Blue Mountain train in OotyAfter lunch, we packed up and left to catch the Blue Mountain railway down the south side of the mountains. We were glad we followed advice to buy a 1st class ticket for Rs 90, as by the time the train pulled in at 3 PM, the platform was full of waiting passengers. We learned later that buying the cheap Rs 10 ticket meant you were crowded into standing room only cars, unable to enjoy the view. There was a rush for seats, but Ray took our large packs and I took our daypacks and managed to find a good spot for the two of us near the window for the 3-1/2 hour trip. The British built the train in 1898 and the original style, if not the original carriages are still used. The 5 cars are pushed up the mountain and pulled back down the 2,000 M drop. The lower, steeper portion still uses a coal-fired steam engine, but the train switches to a diesel for the top half of the journey. There was a general party atmosphere to the whole trip as every one enjoyed the scenery. The train travels over switchbacks through tea plantations and lush jungles and past rivers and waterfalls. We made a few stops, where we got out to stretch while the engines were switched and more water was added for the steam engine. Every time we passed through a tunnel on the way down, passengers in some of the other cars would call out to hear their echo.
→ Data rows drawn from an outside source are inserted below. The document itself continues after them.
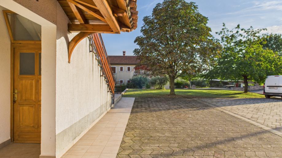 U naselju Lukovica u Žminju prodajemo ovaj komforan stan ukupne površine 90 m2, u prizemlju zgrade koji ima vlastiti dio okućnice, veliki parking za automobile i pomoćni objekt, ljetna kuhinja/konoba.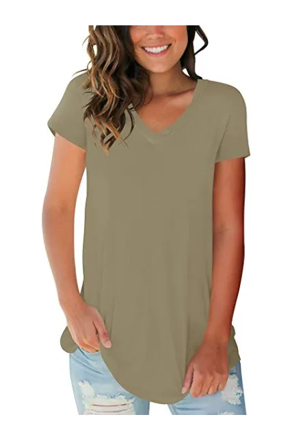 - Unique Design - Casual V neck t-shirt,gorgeous solid and ombre color,trendy and elegant.Pefect wear with jeans or leggings in spring,summer,fall or winter.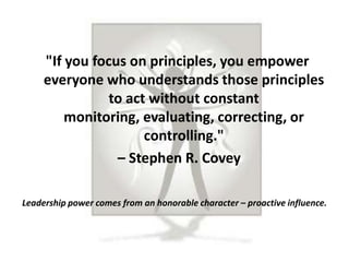 Dr. Stephen R. Covey is recognized as one of Time magazine's most influential Americans and an expert in leadership and organizational development. He outlines the key principles of principle-centered leadership, which include empowering others through shared principles rather than constant control. Covey's model has five levels - personal, interpersonal, managerial, organizational, and societal - and emphasizes trust, continued learning, service to others, and maintaining a positive outlook. The document discusses how Covey's theory can be applied to school administration through shared vision, trust-building, and empowering teachers.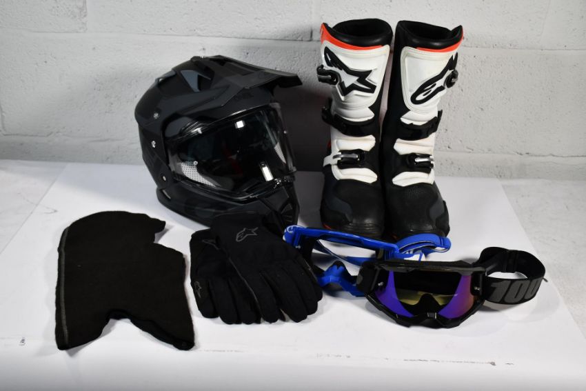 O'Neal Sierra Adventure Motorcycle Helmet, Size Large (60cm), Two Pairs of "100%" Motocross Goggles, Alpinestars Armoured Motorcycle Gloves, Motorcycle Balaclava, Pinlock Fog Resistant Lens, Pair of Aplinestars Motorcycle Trials Boots, Size UK 10. All Pre-owned (Excellent Condition).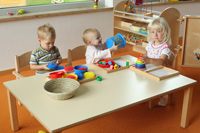 Im Kreativbereich kann Erfahrung mit Fingerfarben, Kleister, Knetmasse, Ton und anderen Mal- und Bastelmaterialien gesammelt werden, während im Sortierbereich Spielmaterialien bereitstehen, die im Zusammenhang miteinander stehen und zum Sortieren animieren.

We arrived at the bottom in time to take a connecting train to the town of Coimbatore. Rather than take the late night train, we decided to stay overnight in Coimbatore and take the day train to Madurai. Ray got the impression from the ticket agent that the day train only had hard seats or first class, so he bought us first class tickets. When we arrived at the train in the morning we saw that it did have the relatively comfortable padded second-class cars, but we decided to take it easy. I think we were the only first class passengers and we enjoyed the 'luxury' of our own two-person compartment for the six-hour trip.